Exercise input:
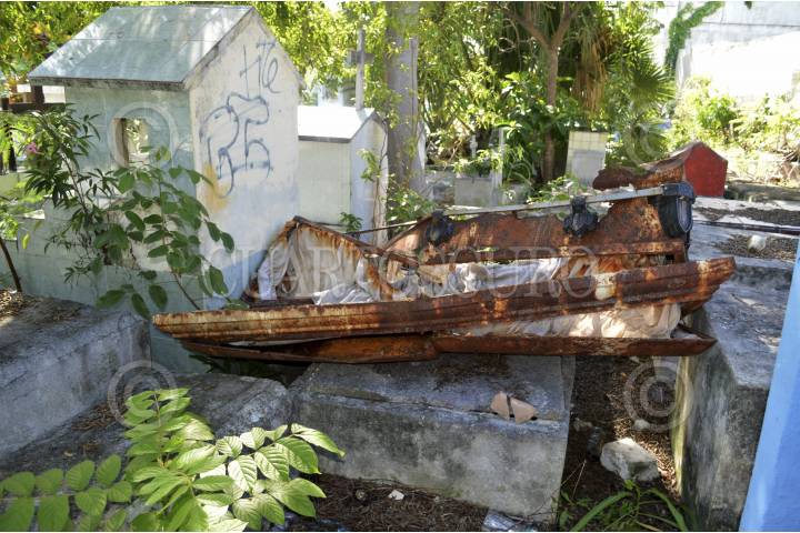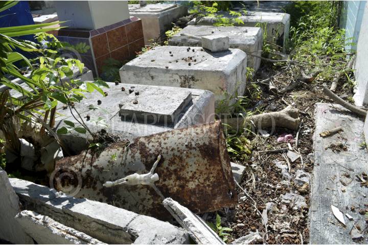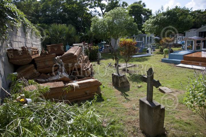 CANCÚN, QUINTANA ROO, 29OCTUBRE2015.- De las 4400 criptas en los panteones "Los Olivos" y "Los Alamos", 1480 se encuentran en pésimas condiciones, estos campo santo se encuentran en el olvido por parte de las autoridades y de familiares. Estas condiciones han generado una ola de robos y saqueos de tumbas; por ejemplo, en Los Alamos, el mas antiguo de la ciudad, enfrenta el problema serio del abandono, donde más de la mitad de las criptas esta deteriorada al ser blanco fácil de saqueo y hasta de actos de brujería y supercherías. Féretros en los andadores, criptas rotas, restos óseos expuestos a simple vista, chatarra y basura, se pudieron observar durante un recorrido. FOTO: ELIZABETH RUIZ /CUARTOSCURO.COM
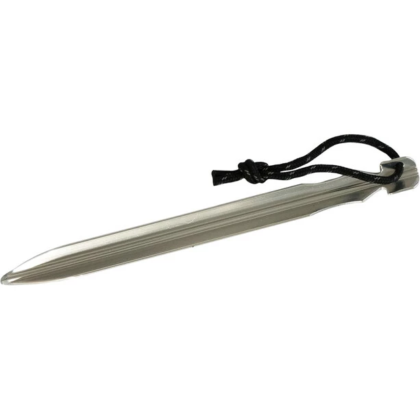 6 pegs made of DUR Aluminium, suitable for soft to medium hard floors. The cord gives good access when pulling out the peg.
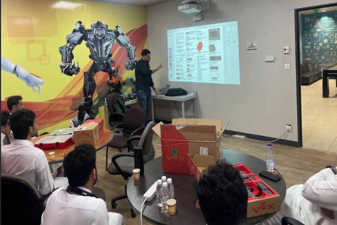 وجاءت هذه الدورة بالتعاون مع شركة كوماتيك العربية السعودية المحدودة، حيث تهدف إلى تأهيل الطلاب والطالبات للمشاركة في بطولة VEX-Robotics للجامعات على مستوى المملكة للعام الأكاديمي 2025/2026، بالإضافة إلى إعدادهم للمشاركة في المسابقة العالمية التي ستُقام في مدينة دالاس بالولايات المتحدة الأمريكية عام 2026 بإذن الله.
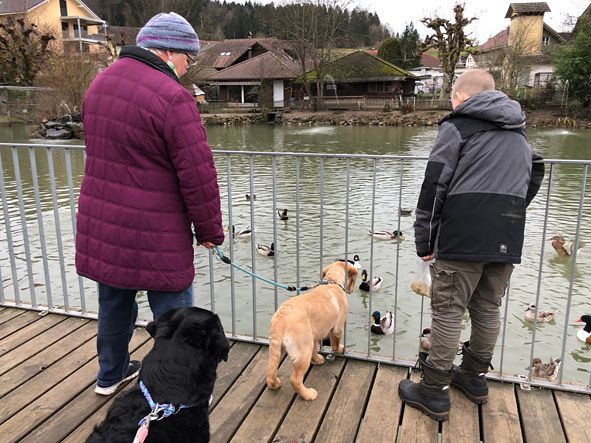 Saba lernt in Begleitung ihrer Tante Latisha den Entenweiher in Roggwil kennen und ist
---
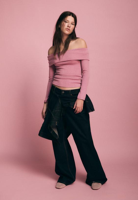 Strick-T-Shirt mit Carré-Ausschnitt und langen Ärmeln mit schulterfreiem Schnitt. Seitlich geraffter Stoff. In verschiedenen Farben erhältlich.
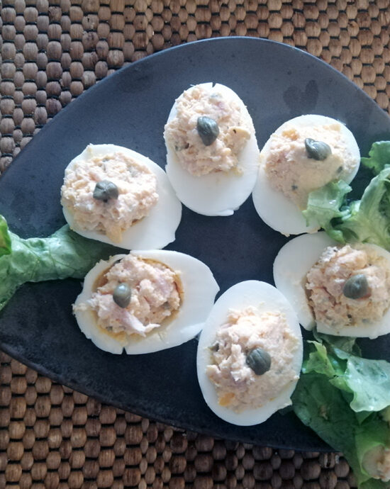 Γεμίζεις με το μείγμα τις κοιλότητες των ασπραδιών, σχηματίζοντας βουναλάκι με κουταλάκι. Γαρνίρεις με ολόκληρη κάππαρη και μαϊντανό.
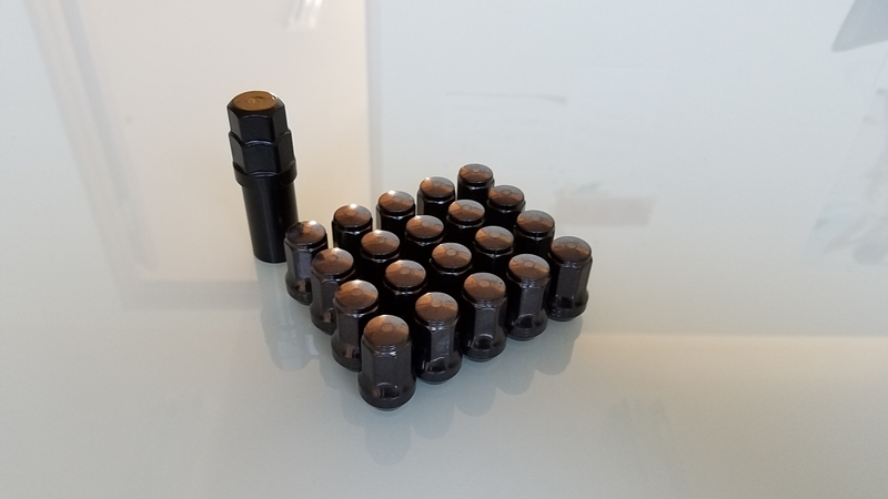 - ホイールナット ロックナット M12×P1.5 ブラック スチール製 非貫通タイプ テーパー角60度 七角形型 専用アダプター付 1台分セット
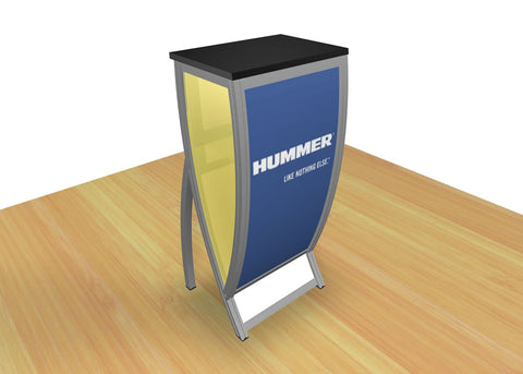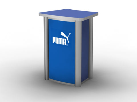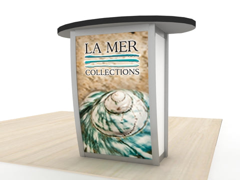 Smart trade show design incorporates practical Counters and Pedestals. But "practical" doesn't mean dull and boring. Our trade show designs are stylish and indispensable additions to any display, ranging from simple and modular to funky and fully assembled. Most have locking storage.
--
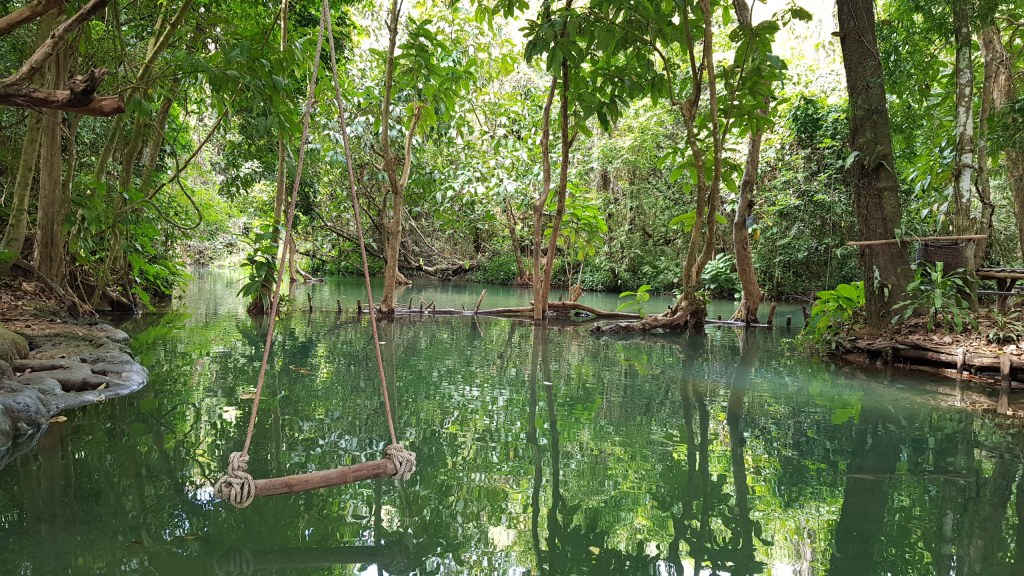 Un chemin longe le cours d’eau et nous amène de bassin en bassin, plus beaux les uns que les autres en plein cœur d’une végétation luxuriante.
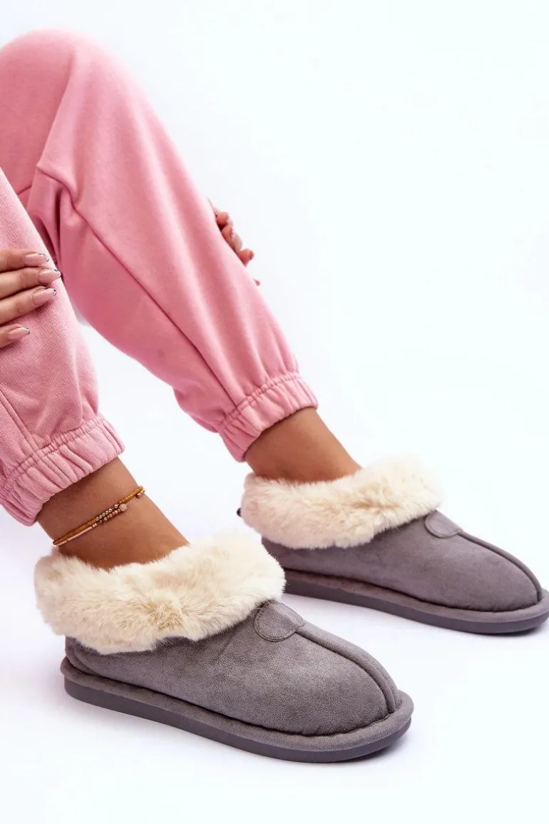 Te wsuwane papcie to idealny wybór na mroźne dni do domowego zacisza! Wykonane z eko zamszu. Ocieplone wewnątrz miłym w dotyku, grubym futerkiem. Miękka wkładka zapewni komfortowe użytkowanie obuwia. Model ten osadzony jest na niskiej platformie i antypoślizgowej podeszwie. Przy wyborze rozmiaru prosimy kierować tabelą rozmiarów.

Description of the task:
Take the lines above starting at the one containing "CANCÚN, QUINTANA ROO, 29OCTUBRE2015.- De" and ending at the one containing "Saba lernt in", and print them again exactly, without pictures.

Exercise output:
 CANCÚN, QUINTANA ROO, 29OCTUBRE2015.- De las 4400 criptas en los panteones "Los Olivos" y "Los Alamos", 1480 se encuentran en pésimas condiciones, estos campo santo se encuentran en el olvido por parte de las autoridades y de familiares. Estas condiciones han generado una ola de robos y saqueos de tumbas; por ejemplo, en Los Alamos, el mas antiguo de la ciudad, enfrenta el problema serio del abandono, donde más de la mitad de las criptas esta deteriorada al ser blanco fácil de saqueo y hasta de actos de brujería y supercherías. Féretros en los andadores, criptas rotas, restos óseos expuestos a simple vista, chatarra y basura, se pudieron observar durante un recorrido. FOTO: ELIZABETH RUIZ /CUARTOSCURO.COM
 6 pegs made of DUR Aluminium, suitable for soft to medium hard floors. The cord gives good access when pulling out the peg.
 وجاءت هذه الدورة بالتعاون مع شركة كوماتيك العربية السعودية المحدودة، حيث تهدف إلى تأهيل الطلاب والطالبات للمشاركة في بطولة VEX-Robotics للجامعات على مستوى المملكة للعام الأكاديمي 2025/2026، بالإضافة إلى إعدادهم للمشاركة في المسابقة العالمية التي ستُقام في مدينة دالاس بالولايات المتحدة الأمريكية عام 2026 بإذن الله.
 Saba lernt in Begleitung ihrer Tante Latisha den Entenweiher in Roggwil kennen und ist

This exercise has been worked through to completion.